Demokraten warnen vor Zerschlagung von zu viel Porzellan

Die oppositionellen Demokraten riefen Waltz und Hegseth wegen der Sicherheitspanne zum Rücktritt auf. Der demokratische Senator Mark Warner warf ihnen „schlampiges, nachlässiges und inkompetentes Verhalten“ vor.
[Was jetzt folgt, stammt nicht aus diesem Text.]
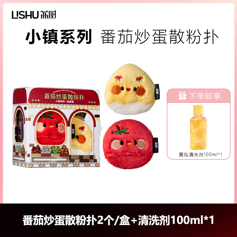 荔树小镇系列番茄炒蛋散粉扑长绒粉扑粉饼蜜粉定妆植绒化妆粉扑 番茄炒蛋散粉扑 2枚 +清洗剂100ml

Er warnte besorgt vor einer Entfremdung der USA von ihren Bündnispartnern. Angesichts der Leichtfertigkeit von US-Regierungsmitgliedern gehe das Vertrauen der mit Washington verbündeten Staaten „über Nacht verloren“, sagte der Vizechef des Geheimdienstausschusses im US-Senat am Dienstag in einer Anhörung in der Kongresskammer. „Hochrangige Regierungsvertreter“ würden „Europa durch den Dreck ziehen“, sagte Warner mit Blick auf die Bemerkungen von Vance und Hegseth.

Der Senator drückte im Kongress auch seine Befürchtung um die Zukunft der Geheimdienstallianz „Five Eyes“ aus, in der die USA seit Jahrzehnten mit Großbritannien, Kanada, Australien und Neuseeland zusammenarbeiten. Die USA seien bei der Sammlung von Daten auch auf „zahlreiche Verbündete“ angewiesen, die „Zugang zu Quellen haben, über die wir nicht verfügen“. Die dafür nötigen Beziehungen seien aber „nicht in Stein gemeißelt“.